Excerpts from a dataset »
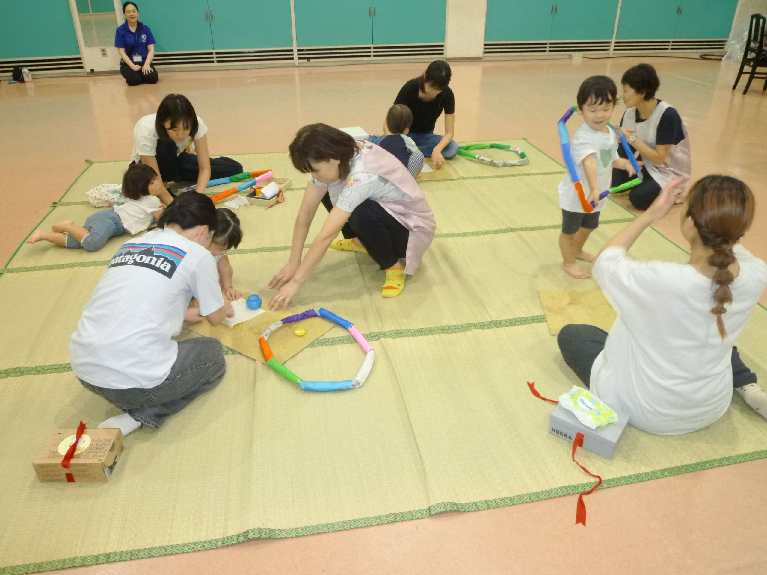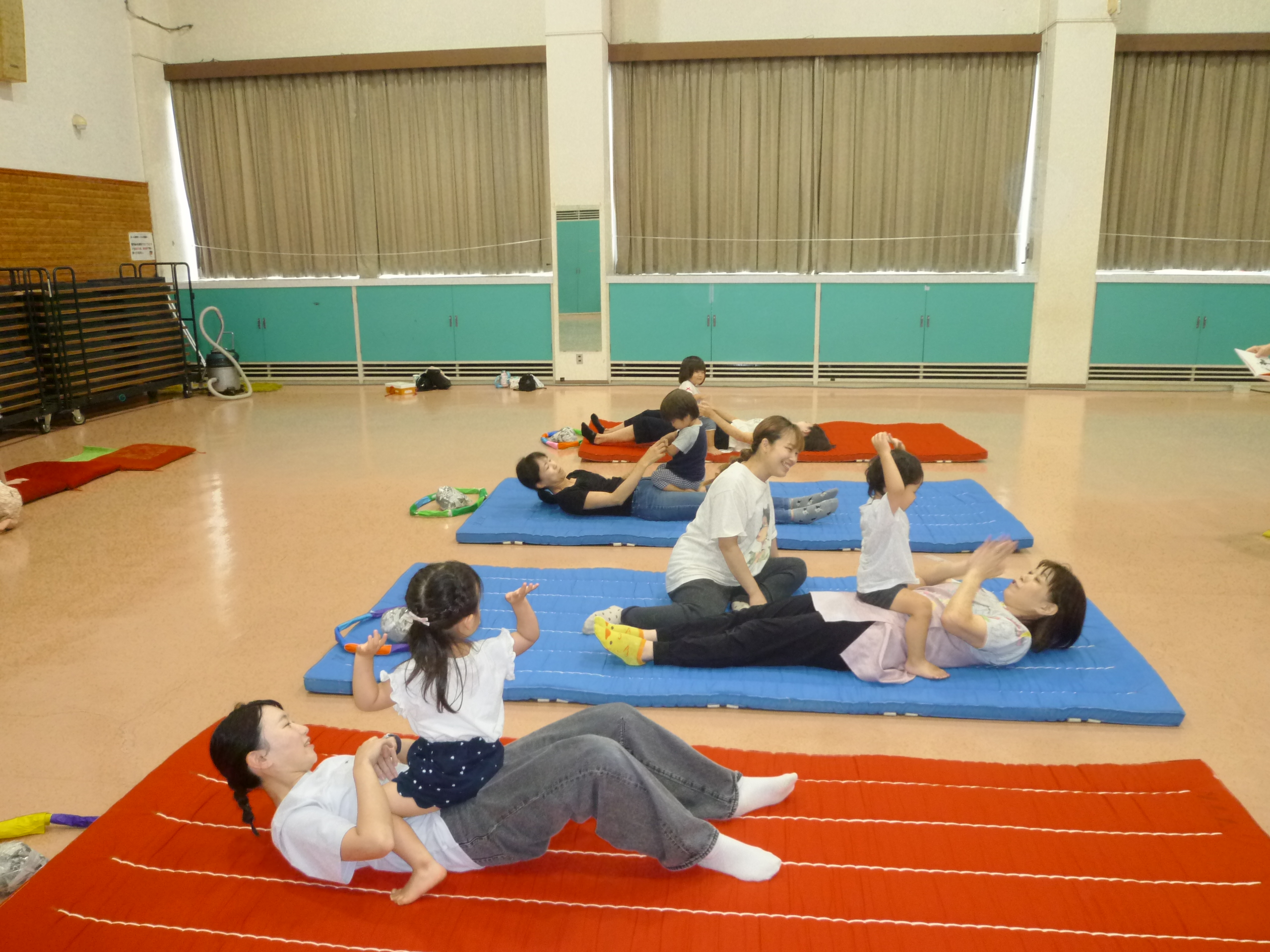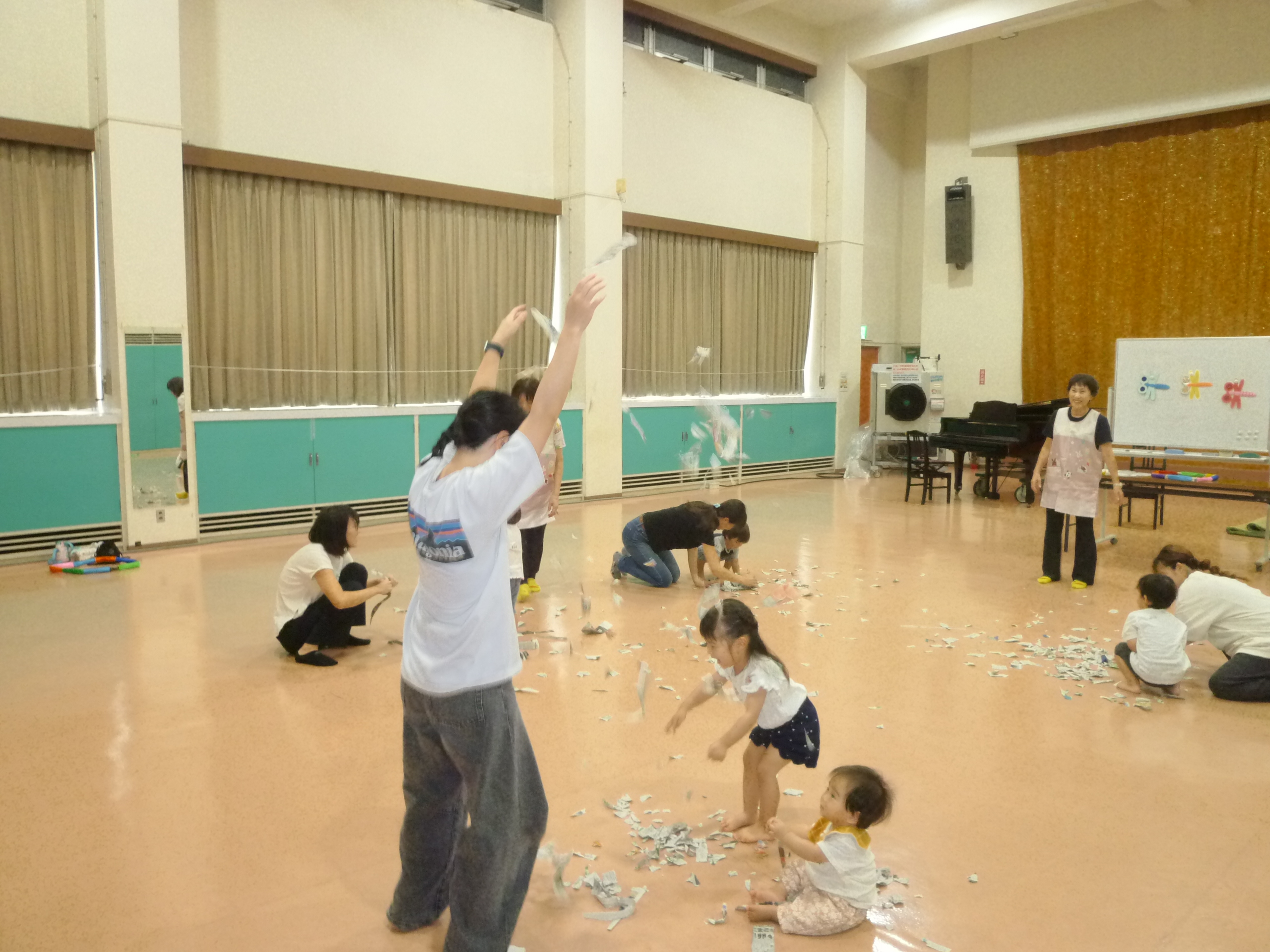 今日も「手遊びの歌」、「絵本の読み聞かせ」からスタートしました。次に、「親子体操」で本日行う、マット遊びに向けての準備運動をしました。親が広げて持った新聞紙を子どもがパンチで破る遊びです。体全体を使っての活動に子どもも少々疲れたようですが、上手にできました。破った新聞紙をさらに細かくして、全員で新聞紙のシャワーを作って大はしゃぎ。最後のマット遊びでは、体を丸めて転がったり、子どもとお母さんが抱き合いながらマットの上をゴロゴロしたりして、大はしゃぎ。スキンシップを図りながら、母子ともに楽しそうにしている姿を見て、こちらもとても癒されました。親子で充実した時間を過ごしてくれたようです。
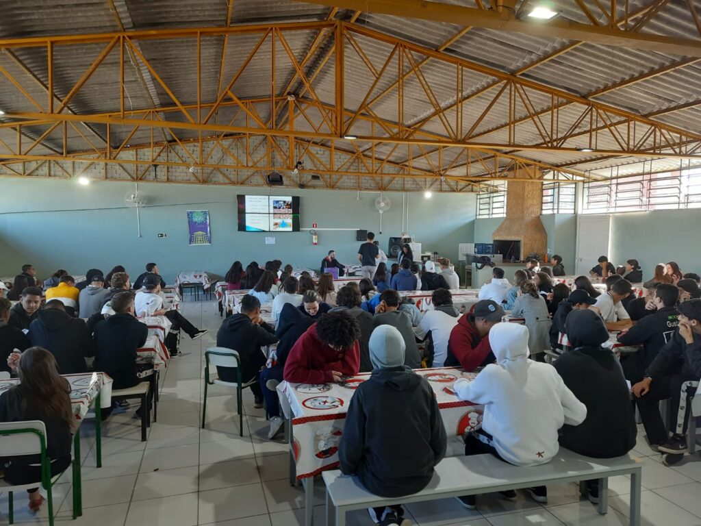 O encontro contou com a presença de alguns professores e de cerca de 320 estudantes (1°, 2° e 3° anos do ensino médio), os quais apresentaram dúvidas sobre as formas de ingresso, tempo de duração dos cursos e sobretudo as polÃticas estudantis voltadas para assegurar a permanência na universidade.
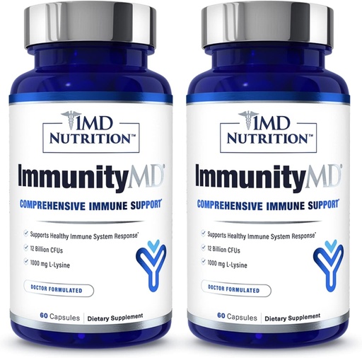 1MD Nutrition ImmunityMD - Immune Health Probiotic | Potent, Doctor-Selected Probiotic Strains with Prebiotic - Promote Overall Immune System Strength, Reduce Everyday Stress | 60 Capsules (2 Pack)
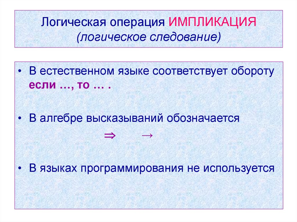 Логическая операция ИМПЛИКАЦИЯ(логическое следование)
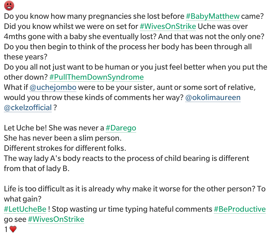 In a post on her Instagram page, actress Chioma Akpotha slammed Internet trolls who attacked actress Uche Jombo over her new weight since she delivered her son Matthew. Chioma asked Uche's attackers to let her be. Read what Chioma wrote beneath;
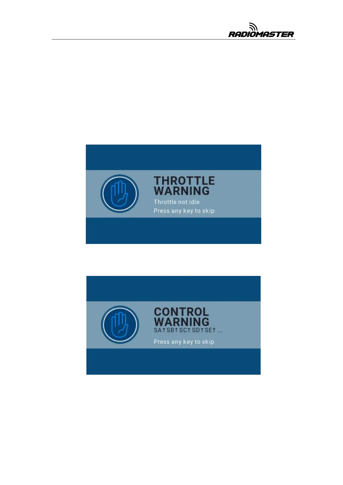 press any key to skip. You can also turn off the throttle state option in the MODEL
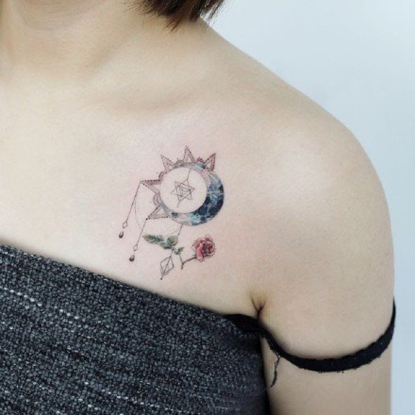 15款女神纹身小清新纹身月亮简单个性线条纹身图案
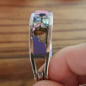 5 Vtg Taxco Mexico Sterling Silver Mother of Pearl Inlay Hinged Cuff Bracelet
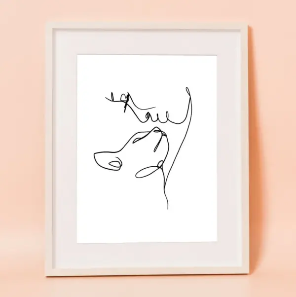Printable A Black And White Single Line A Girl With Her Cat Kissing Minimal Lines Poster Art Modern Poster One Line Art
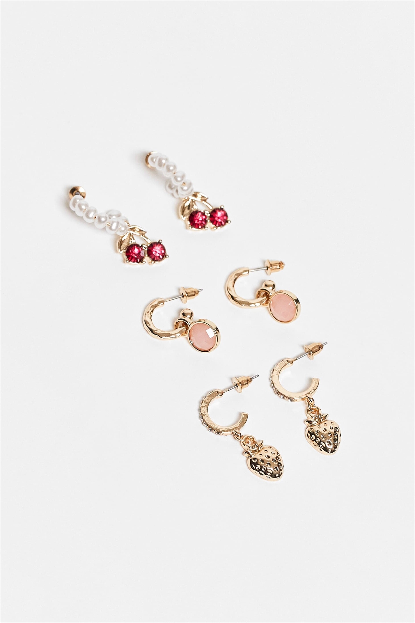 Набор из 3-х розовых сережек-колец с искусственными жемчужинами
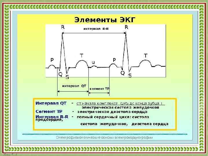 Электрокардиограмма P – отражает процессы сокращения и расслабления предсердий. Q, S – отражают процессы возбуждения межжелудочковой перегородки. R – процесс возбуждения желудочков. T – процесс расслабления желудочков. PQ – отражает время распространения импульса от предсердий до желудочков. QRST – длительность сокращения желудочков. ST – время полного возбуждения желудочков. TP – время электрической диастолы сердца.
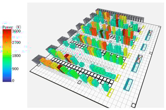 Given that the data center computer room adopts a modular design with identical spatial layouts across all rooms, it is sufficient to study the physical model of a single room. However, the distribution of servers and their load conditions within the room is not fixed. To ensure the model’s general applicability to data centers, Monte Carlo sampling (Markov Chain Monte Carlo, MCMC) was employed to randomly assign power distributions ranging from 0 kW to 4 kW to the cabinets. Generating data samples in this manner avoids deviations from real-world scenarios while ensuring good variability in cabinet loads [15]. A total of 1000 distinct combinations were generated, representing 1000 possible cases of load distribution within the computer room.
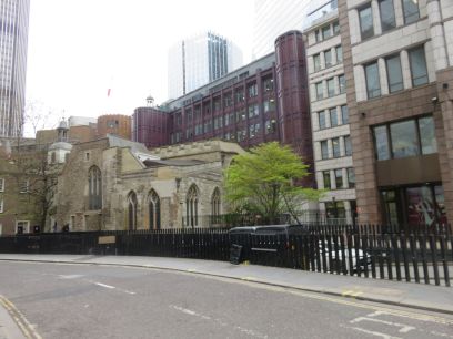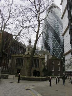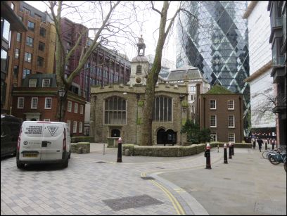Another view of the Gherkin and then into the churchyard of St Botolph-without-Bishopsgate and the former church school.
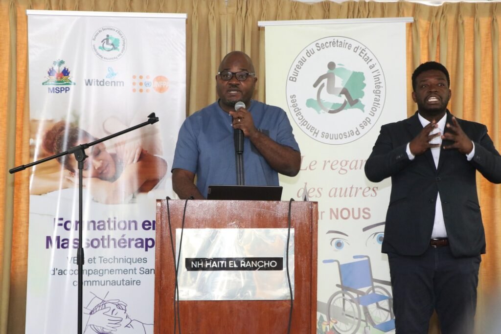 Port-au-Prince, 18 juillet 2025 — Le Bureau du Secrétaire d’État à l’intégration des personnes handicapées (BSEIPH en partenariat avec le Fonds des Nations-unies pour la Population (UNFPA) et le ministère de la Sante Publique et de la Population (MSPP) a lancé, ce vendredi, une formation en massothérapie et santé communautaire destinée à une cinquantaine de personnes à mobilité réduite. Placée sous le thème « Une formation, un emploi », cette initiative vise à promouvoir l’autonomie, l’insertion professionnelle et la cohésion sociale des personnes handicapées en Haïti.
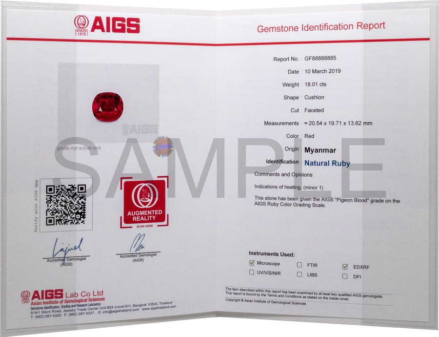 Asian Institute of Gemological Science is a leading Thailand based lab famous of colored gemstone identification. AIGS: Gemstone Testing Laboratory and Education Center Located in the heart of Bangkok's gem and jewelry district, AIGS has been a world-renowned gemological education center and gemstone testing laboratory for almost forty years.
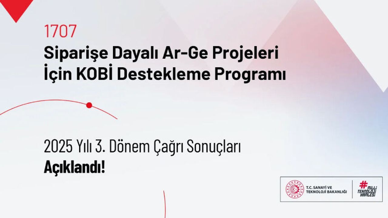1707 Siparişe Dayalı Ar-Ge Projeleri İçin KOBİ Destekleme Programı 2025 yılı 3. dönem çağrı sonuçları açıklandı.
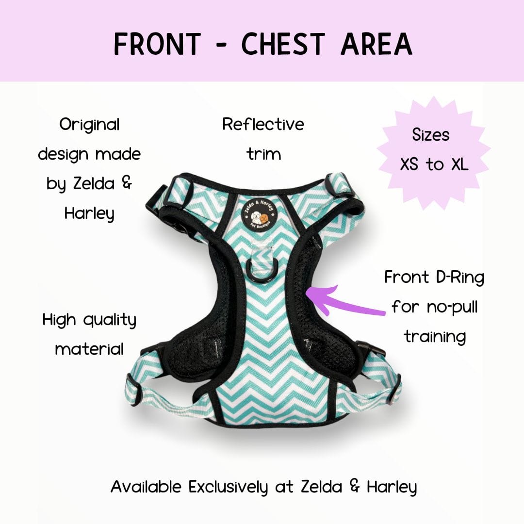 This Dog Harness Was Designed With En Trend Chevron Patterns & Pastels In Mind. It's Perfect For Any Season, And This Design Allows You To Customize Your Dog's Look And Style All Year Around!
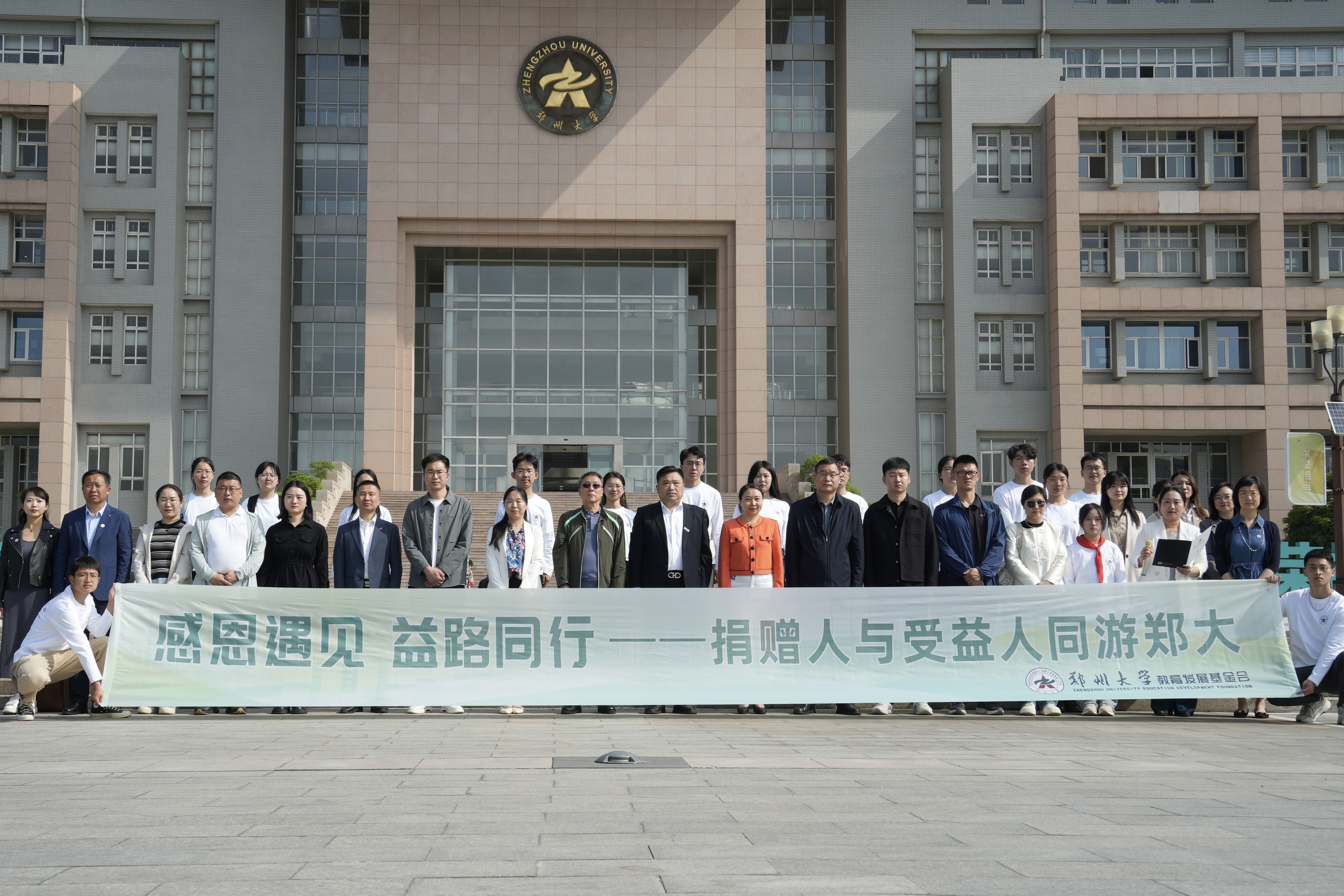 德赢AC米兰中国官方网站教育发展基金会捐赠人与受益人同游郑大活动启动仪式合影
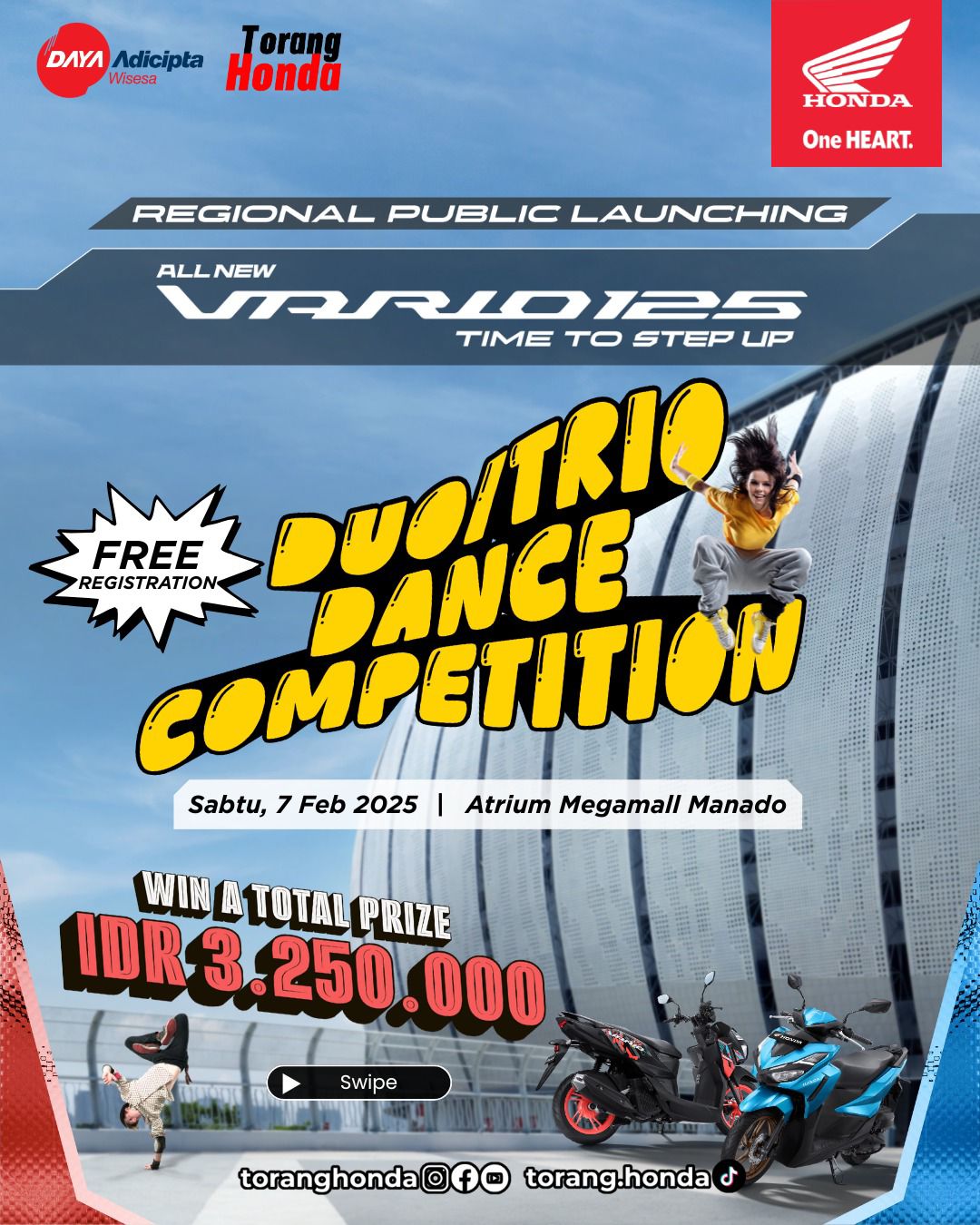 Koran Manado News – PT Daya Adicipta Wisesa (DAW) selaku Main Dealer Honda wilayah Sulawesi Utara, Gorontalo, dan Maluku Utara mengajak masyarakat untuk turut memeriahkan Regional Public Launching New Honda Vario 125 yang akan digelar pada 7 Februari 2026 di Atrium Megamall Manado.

REQUIRED WORK »
From the data above, return exactly the lines from the one with "press any key" up to and including the one with "Набор из 3-х". Pictures do not go in the copy.

RESULT OF THE TASK »
 press any key to skip. You can also turn off the throttle state option in the MODEL
 15款女神纹身小清新纹身月亮简单个性线条纹身图案
 5 Vtg Taxco Mexico Sterling Silver Mother of Pearl Inlay Hinged Cuff Bracelet
Printable A Black And White Single Line A Girl With Her Cat Kissing Minimal Lines Poster Art Modern Poster One Line Art
 Набор из 3-х розовых сережек-колец с искусственными жемчужинами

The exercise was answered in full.